Using Client-Side Javascript for Distributed Computing - vaporstun
http://victorquinn.com/concept-idea-using-client-side-javascript-for

======
jfam1
I've been lurking hn for a while now but finally decided to register for this
post. I actually did something similar to this for my undergrad honours thesis
last year. The main difference being that my client was written in
actionscript instead of javascript.

The difficulty with this type of application is breaking up the computation
into chunks large enough to offset the overhead of getting the data to and
from the client to net a "profit" in terms of computation time. As the author
mentioned, you have to limit the amount of CPU time that the client uses,
otherwise, you'll end up potentially impacting the user negatively. Couple
this with the limited amount of time between a user's browser requests and the
amount of computational power at your disposal is pretty limited.

Although my implementation was far from optimal (it was purely academic in
order to see if the concept would work), I found that in every case, it was on
the order of at least 100 times slower than simply doing the computation
serially(!) on the server machine. It was actually costing more time to manage
the connections between the various clients and the server than the amount of
computational work that I was getting from the clients.

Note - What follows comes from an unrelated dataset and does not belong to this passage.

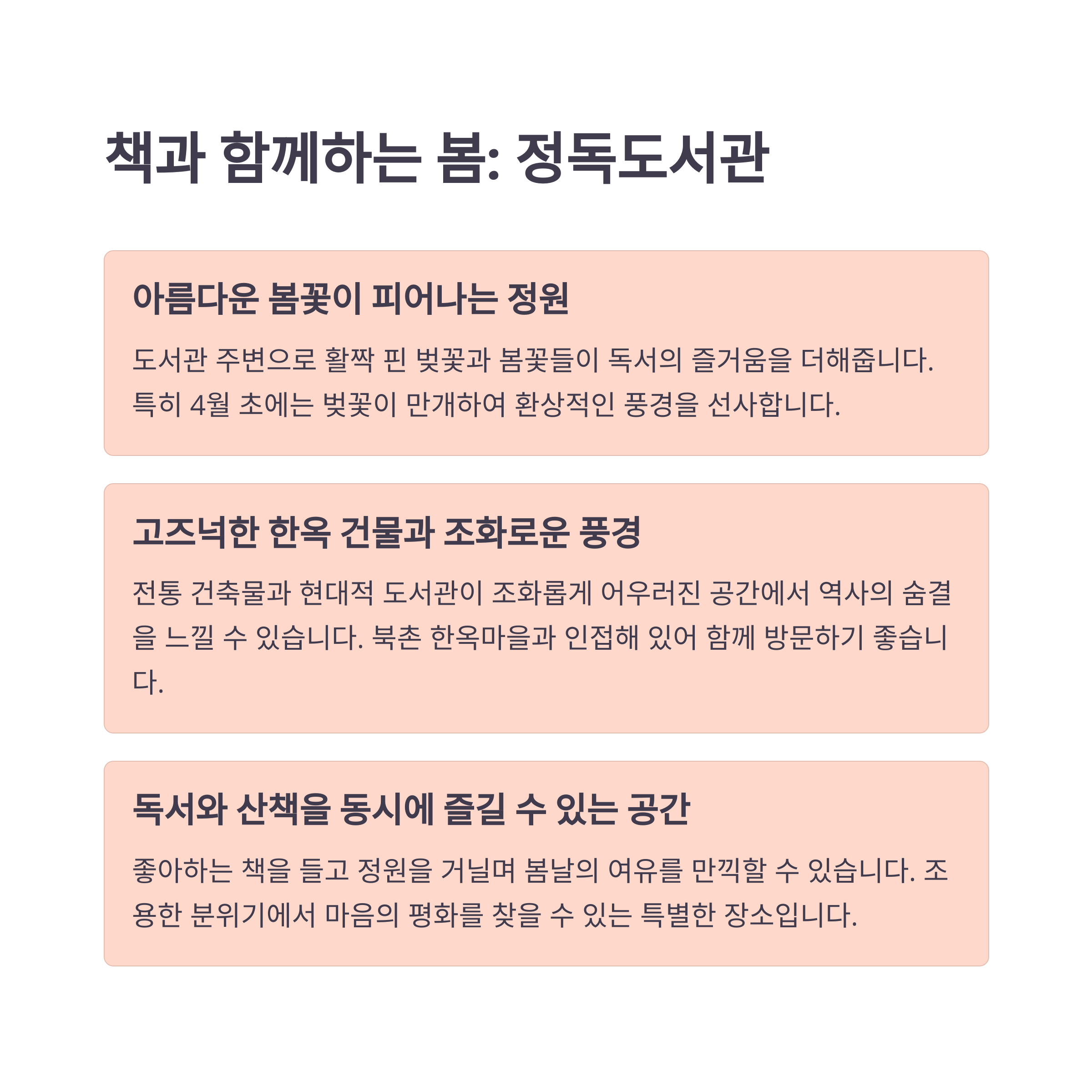 | 봄 추천 활동 | 산책, 벚꽃 감상, 커피 타임 등 조용한 힐링 제안 |

Now, it's not to say that something like this couldn't potentially be made to
work. But the types of computations that this sort of grid is also severely
limited. Due to things like sandboxing and socket restrictions you cannot
(easily) have clients collaborate together to perform more complex
computations, therefore you are effectively limited to embarrassingly parallel
algorithms.

------
jerf
Are there any JITs for JS that end up exposing SIMD instructions on the host
processor? Without that, and combined with the fact that JITs still don't
necessarily get to C speed even on simple math on raw floats/integers, you're
going to take a _stiff_ performance penalty for this, even on the latest JS
VMs. User will still be paying for their electricity but will be doing a
vanishing fraction of the work... rather than being a great idea it would
actually sort of hostile to even offer this option.

NaCl, maybe. Google isn't helping me figure out if it can do SIMD
instructions.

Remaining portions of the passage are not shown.